··· DATASET EXTRACT
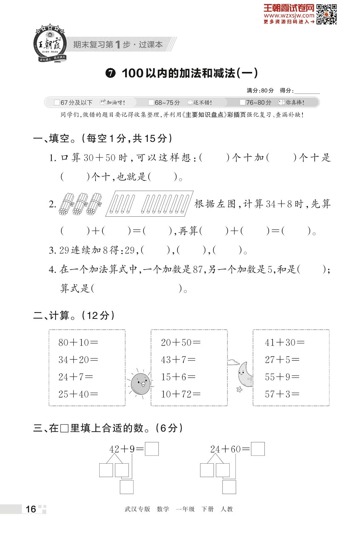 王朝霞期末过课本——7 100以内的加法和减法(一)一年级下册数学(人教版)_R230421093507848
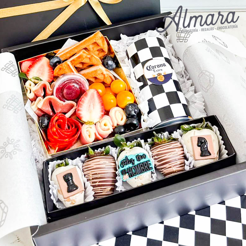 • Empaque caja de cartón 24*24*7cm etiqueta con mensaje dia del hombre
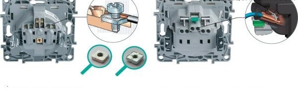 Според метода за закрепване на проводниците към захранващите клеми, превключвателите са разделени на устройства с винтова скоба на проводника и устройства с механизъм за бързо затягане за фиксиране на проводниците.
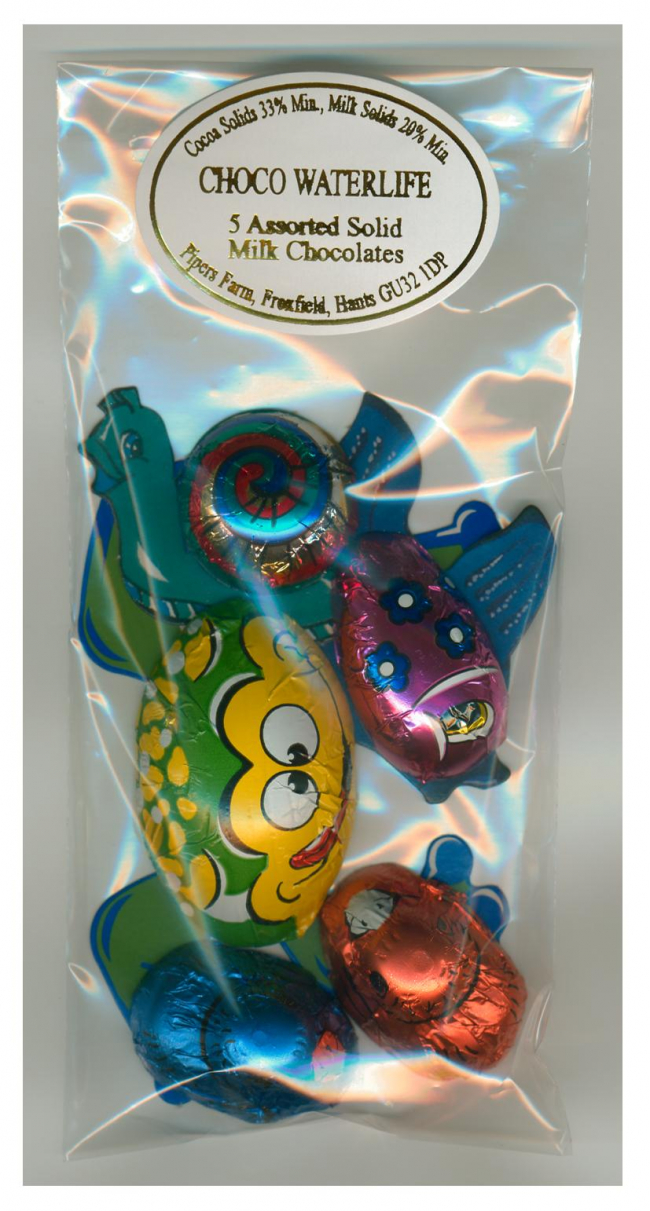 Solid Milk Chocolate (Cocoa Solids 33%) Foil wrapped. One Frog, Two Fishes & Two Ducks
······
Leave the pictures out and copy exactly the lines from the one that holds "dia del hombre" through the last line of the material.

*TASK SOLUTION*.
 • Empaque caja de cartón 24*24*7cm etiqueta con mensaje dia del hombre
 Според метода за закрепване на проводниците към захранващите клеми, превключвателите са разделени на устройства с винтова скоба на проводника и устройства с механизъм за бързо затягане за фиксиране на проводниците.
 Solid Milk Chocolate (Cocoa Solids 33%) Foil wrapped. One Frog, Two Fishes & Two Ducks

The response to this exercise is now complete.